Restore Rate x 60 Seconds x 60 minutes = Restore Amount
120 x 60 x 60 = 432,000 MB
Restore Amount = Resore Time Objective? Yes/No
432,000 MB (422GB) = No Restore Time Objective has been violated
Knowing this we would then dictate the VM would be changed to at least 5 x VM’s to meet the required RTO.
So this then determines our maximum VM size to be 422GB to meet RTO.
VM Size
Now we know our RTO and maximum VM size of 422GB, we then move onto the required space for our VM.
Maximum VM Size – Swap File = Actual Maximum VM Size
422GB – 8GB = 414GB
Buffer Space
Buffer space is the amount of space we need on the datastore for items such as:
- Log Files
- Snapshots
- Storage vMotion (temporary move space)
Rule of thumb on this is 25%.
Queue Depth
Jason Boche (@jasonboche) wrote an excellent article which can affect performance called VAAI and the Unlimited VM’s per Datastore Urban Myth
Queue Depth for HBA’s is defaulted at 32, please check with your vendor if this should be altered for a vSphere environment.
Queue Depth for Software iSCSI Adapter is defaulted at 128, again check with you vendor is this should be altered in a vSphere.
Active IO Per VM x Number Of VM’s = Overall Active IO
9 x 500 = 4500
Overall Active IO / Number Of Hosts = Average Active IO Per Host
4500 / 12 = 375
Average Active IO Per Host / Queue Depth – Growth (Spike) % = VM’s Per Datastore
375 / 32 – 50% = 6
Datastore Size
VM’s Per Datastore x Actual Maximum VM Size + Buffer Size = Datastore Size
6 x 414GB + 25% = 3TB
Step 2 – Performance Data Collection
I tend to look at performance first then capacity second, I have discounted capacity for this blog post as this should be straight forward to work out based around the RAID type you have chosen to use.
For the basis of the data collection we are going to make the following assumptions.
Disk | IOPS |
7.2K SATA/NearLine SAS | 75 |
10K SAS | 125 |
15K SAS | 150 |
SSD | 2,500 |
Table To Show RAID Penalty
RAID Type | Write Penalty |
0 | 1 |
1 | 2 |
5 | 4 |
6 | 6 |
10 | 2 |
Read/Write Collection
This is obtaining the key metrics from your physical systems, application owners, current storage array network, or perhaps its from perfmon or VMware Capacity Planner.

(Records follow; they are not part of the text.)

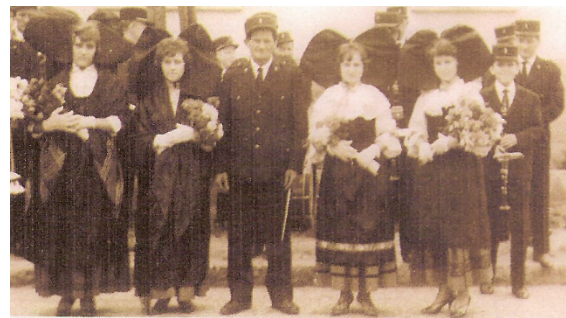
Das erste Treffen im Elsass
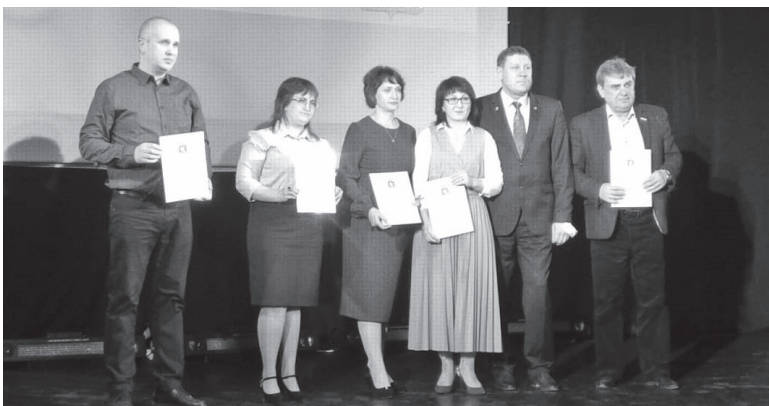
Праздник День МСУ отмечается в России с 2012 года

В среду, 21 апреля, сотрудники российских муниципалитетов отмечали свой профессиональный праздник - День местного самоуправления.
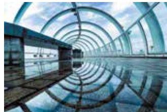
令和5年10月号掲載「異空間へ」
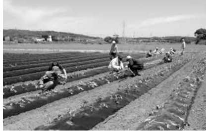
甘藷の植え付け作業

玉ねぎについては、共同出資型の双日大分農人株式会社設立され、機械化が可能な加工用玉ねぎの拡大に向けた機械導入支援に取り組んでいます。
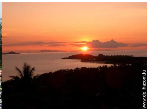
Blick auf Sonnenuntergang
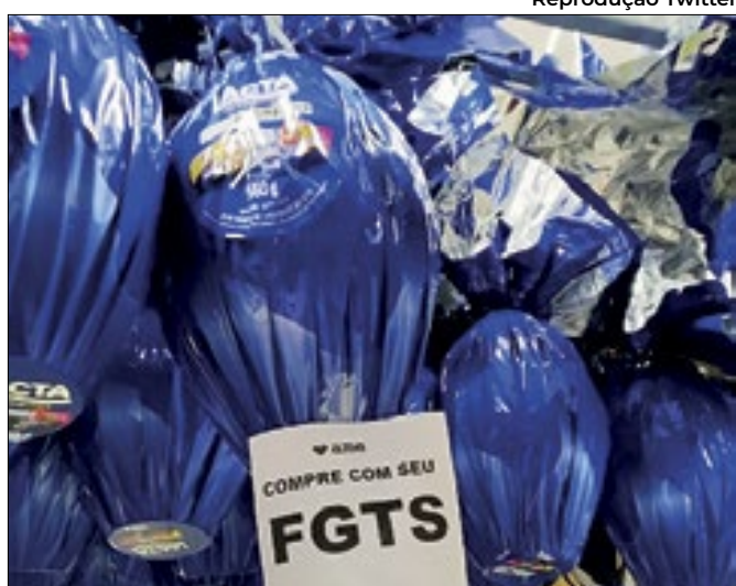
Ovo de páscoa pelo FGTS é o 'apelo' da Americanas
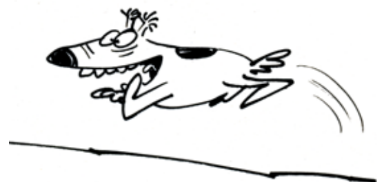
© Claire Bretécher / Dargaud Les Amours écologiques du Bolot occidental , 1977
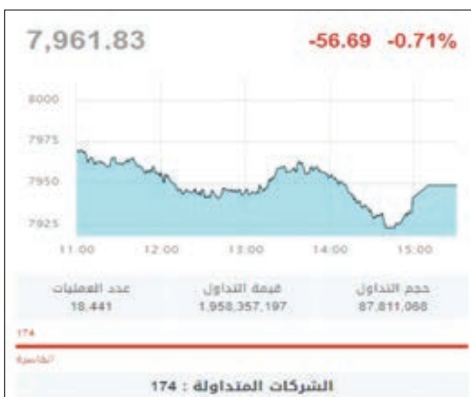
• مؤشر السعودية

أغلق المؤشر العام للسوق السعودي -تاسي- على ارتفاع بنهاية الأسبوع الماضي المنتهي الخميس، وسط ارتفاع أغلب القطاعات. وصعد «تاسي» بنسبة 1.03% لتعادل 81.09 نقطة، عند مستوى 7948.25 نقطة.
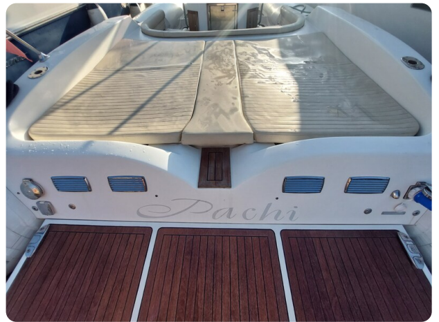
sacs stratos 12 pics 184435
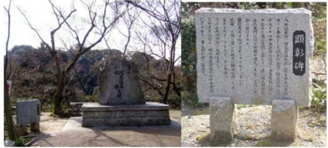
清水寺 南の谷に面する清水の舞台下の丘にある アテルイ・モレの顕彰碑
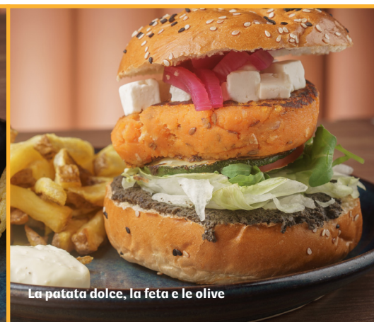
La patata dolce, la feta e le olive
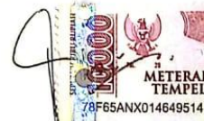
Ardhani Indra Puspita 20/471868/PKU/19229
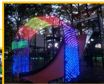
虹色の滑り台で花畑に飛び込もう！
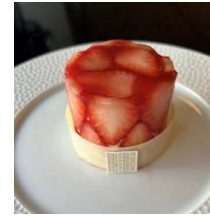
Fraisier フレジエ (~5/6まで)

旬の苺とベルベヌ(レモンバーベナ)の ジュレの中にクレームムーススリーヌ カスタードクリームにバター

Read MB/Sec + Write MB/Sec = Overall MB/Sec
83 MB/Sec + 12 MB/Sec = 95 MB/sec
Read MB/Sec / Overall MB/Sec = Read Percentage
83 MB/Sec / 95 MB/Sec = 87%
Write MB/Sec / Overall MB/Sec = Write Percentage
12 MB/Sec / 95 MB/Sec = 13%
Front End IOPS Collection
Front End IOPS are the I/O transfers per second that your collection tool will see. In this case we will use 1,231 IOPS.
Back End IOPS Collection
Back End IOPS is the performance that your SAN/NAS needs to accommodate taking into account RAID write penalty.
Read % + (RAID Penalty x Write %) = RAID Penalty Percentage
RAID 1: 87% + (2 x 13%) = 113%
RAID 5: 87% + (4 x 13%) = 139%
RAID 6: 87% + (6 x 13%) = 165%
RAID 10: 87% + (2 x 13%) = 113%
RAID Penalty Percentage x Front End IOPS = Back End IOPS
RAID 1: 113% x 1,231 = 1,391 IOPS
RAID 5: 139% x 1,231 = 1,711 IOPS
RAID 6: 165% x 1,231 = 2,031 IOPS
RAID 10: 113% x 1,231 = 1,391 IOPS
Step 3 – Target Disk Requirements
This is the process of determining which disk types meet your performance requirements.

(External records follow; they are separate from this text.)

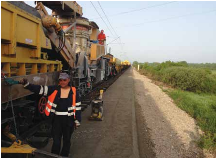
Strojno postrojenje za izmjenu tamponskog sloja na dionici Zdenčina – Jastrebarsko

a u projektu koji je također izradilo Željezničko projektno društvo iz Zagreba (glavni projektant Zvonimir Siščan, građ. teh.) isključeni su i jedan i drugi polazni kolodvor tako da je početak dionice izlaz iz kolodvora Zdenčina, a završetak na početku kolodvora Jastrebarsko. Inače je dionica u pravcu i horizontali te s nagibom od 5,3 ‰ i po karakteristikama je prava ravničarska pruga. Najčešće je u razini terena, dijelom u nasipu od 5 m ili u usjeku do 2 m. Prolazi kroz poljoprivredno zemljište, a mjestimice kroz šumu i šikaru.
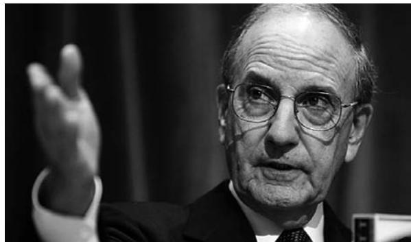
George Mitchell senataria izan zen Ipar Irlandako bitartekarien buru eta ondoren, bere izenarekin ezagun egin diren printzipioak onar zituzaten eskatu zien gatazkako alde guztiei.

Itzul gaitzen Hegoafrikara: Negoziazio prozesu konstituzionalaren lehen bilera formala World Trade Centre eraikinean egin zen, Johannesburgetik gertu, 1991ko azaroan. Bileraren helburu nagusia negoziazio egituraren lehen osoko bilkura prestatzea izan zen. Lehen osoko bilkura horri Codesa esaten zaio ( Convention for a Democratic South Africa edo Hegoafrika Demokratikorako Biltzarra). Afera nagusia erabakiak hartzeko Codesa zertan oinarrituko zen erabakitzea zen. Gomendioa “nahikoa adostasun” egon beharko lukeela izan zen. Ekitaldi publiko horren zeregina pro-
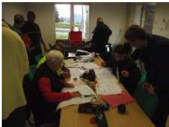
Exercice Garde-Cavale, 2013.

Le trajet se fait par les véhicules personnels et la Spéléo Mobile de Spéléo-J. Nous privilégierons bien
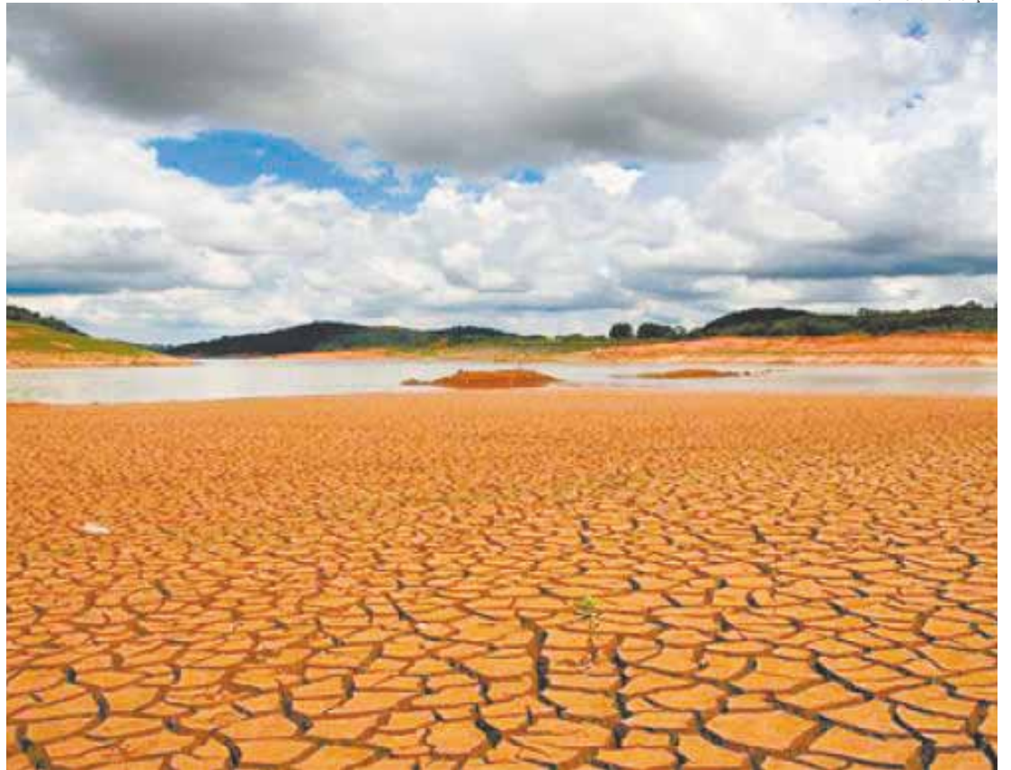
Boa notícia - Nos reservatórios que formam o Sistema Cantareira o nível ficou estável ontem em 51%

Pela quinta vez ocorreu elevação no nível do Sistema Rio Claro que passou de 27,3% para 27,4%. A retenção de água de chuva está em 156,1 mm ante a média histórica de 298,9 mm.

Back End IOPS / Disk IOPS = Number Required Hard Drives
Table To Show Hard Drives Per RAID Type
RAID Type |
Back End IOPS |
Disk IOPS |
Number Required Hard Drives |
10 | 1,391 | 75 IOPS (7.2K SATA) | 19 |
10 | 1,391 | 125 IOPS (10K SAS) | 12 |
10 | 1,391 | 150 IOPS (15K SAS) | 10 |
1 | 1,391 | 2,500 IOPS (SSD) | 2 (to meet RAID 1 disk requirements) |
5 | 1,711 | 75 IOPS (7.2K SATA) | 23 |
5 | 1,711 | 125 IOPS (10K SAS) | 14 |
5 | 1,711 | 150 IOPS (15K SAS) | 12 |
5 | 1,711 | 2,500 IOPS (SSD) | 3 (to meet RAID 5 disk requirements) |
6 | 2,031 | 75 IOPS (7.2K SATA) | 28 |
6 | 2,031 | 125 IOPS (10K SAS) | 17 |
6 | 2,031 | 150 IOPS (15K SAS) | 14 |
6 | 2,031 | 2,500 IOPS (SSD) | 4 (to meet RAID 6 disk requirements) |
Note: RAID 1 hasn’t been included apart from for SSD due to IOPS performance.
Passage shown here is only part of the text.